先日、ある製造業の社長からこんな相談を受けました。「退職金が口座に入ったままになっているんですが、何か対策したほうがいいですかね?」という一言でした。

実はこの問いかけ、相続対策の観点からはかなり重要なサインです。退職金を現金のまま持ち続けると、その全額が相続財産として課税対象になります。相続税の最高税率は55%。何も手を打たなければ、長年会社に貢献してきた退職金が大きく目減りしてしまいます。

現金は「フルで課税」、不動産には「割引評価」がある

相続税の評価は、資産の種類によって大きく変わります。現金は1円=1円でそのまま課税されますが、不動産にはいくつかの特例があります。

まず土地の場合、「路線価」という国が定めた評価基準が使われます。これは市場価格のおよそ80%前後。時価1億円の土地でも、相続税評価額は約8,000万円になる計算です。

さらに、賃貸物件の場合は「貸家建付地」として追加の割引が適用されます。他人に貸しているぶん、自分が自由に使えないという理由から、評価額がさらに下がる仕組みです。建物も固定資産税評価額(市場価格の60〜70%程度)が基準になるため、トータルで見ると評価額の圧縮効果は相当なものになります。

1億円の賃貸物件が5,500万円になることも

具体的な数字で見てみましょう。

時価1億円の賃貸アパートを購入した場合、土地は路線価ベースで約8,000万円、さらに貸家建付地として評価が下がり、建物は固定資産税評価額で算定されます。最終的に相続税評価額が5,500万円前後になるケースも珍しくありません。

1億円の現金を持ち続けた場合と比べると、課税ベースが約45%圧縮されることになります。これが「退職金で賃貸不動産を買うと相続税が下がる」と言われる理由です。退職金を受け取ったタイミングで不動産購入を検討し、節税効果を享受している経営者は実際に少なくありません。

「節税だけが目的」の購入は否認リスクがある

ただし、ここには重要な注意点があります。節税目的のみで不動産を購入しても、税務調査で実態を問われた際に、評価の特例が否認されるリスクがあります。

特に、購入から短期間で相続が発生した場合、税務署が「実態に即した時価評価」を主張するケースが増えています。2022年以降、国税庁がこの種の節税スキームへの対応を強化しており、表面的な評価差だけを狙った購入には注意が必要です。

安全な考え方は「節税は副産物として享受しつつ、収益性のある物件を選ぶ」こと。立地・築年数・利回りをしっかり精査した物件であれば、節税効果と資産形成の両立につながります。

退職金の使途は、受け取る前から相談を

退職金を受け取ってから不動産に換えるタイミングも重要です。現金のまま眠らせておく時間が長いほど、万が一のときにフルで相続税がかかります。

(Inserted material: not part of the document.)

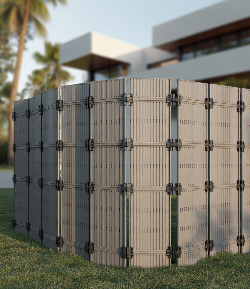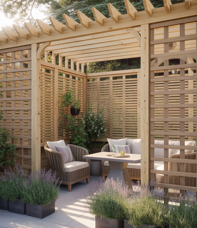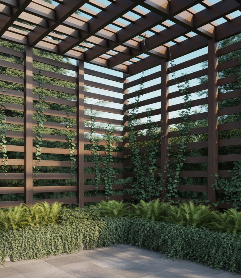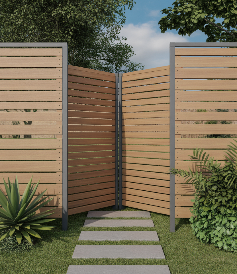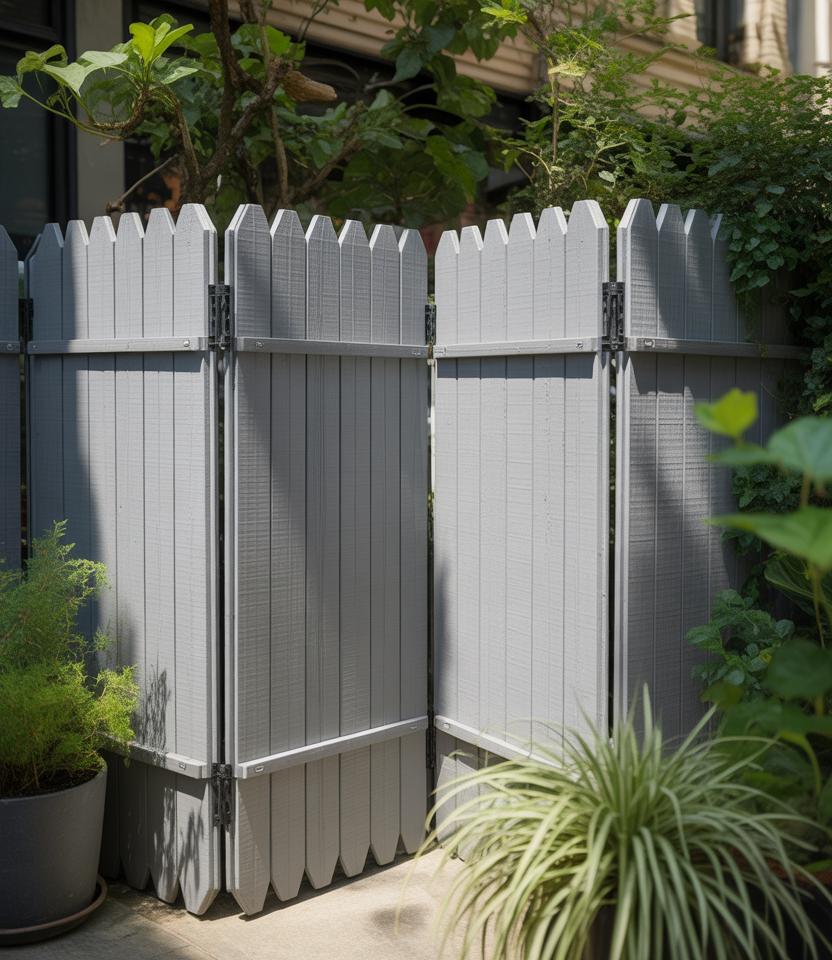 Ideal if you rent, remodel, or need seasonal privacy. Use prefab temporary screens in wood, metal, or composite that you can anchor and later remove. Good for patio, pool area, or small areas. Look for foldable or modular panels.

かといって焦って購入するのは禁物ですが、「現金保有か、不動産活用か」という方針は、できれば退職前から税理士と相談して決めておくのが理想です。

退職金が確定する前の段階から動いておくと、物件探しの余裕も生まれ、条件の良い物件を選びやすくなります。まだ退職金の活用について本格的に考えたことがない方は、ぜひこの機会に信頼できる税理士に相談の場を設けてみてください。早めに動いた分だけ、選択肢が広がります。

※本記事は一般的な情報提供を目的としています。具体的な税務判断は税理士にご相談ください。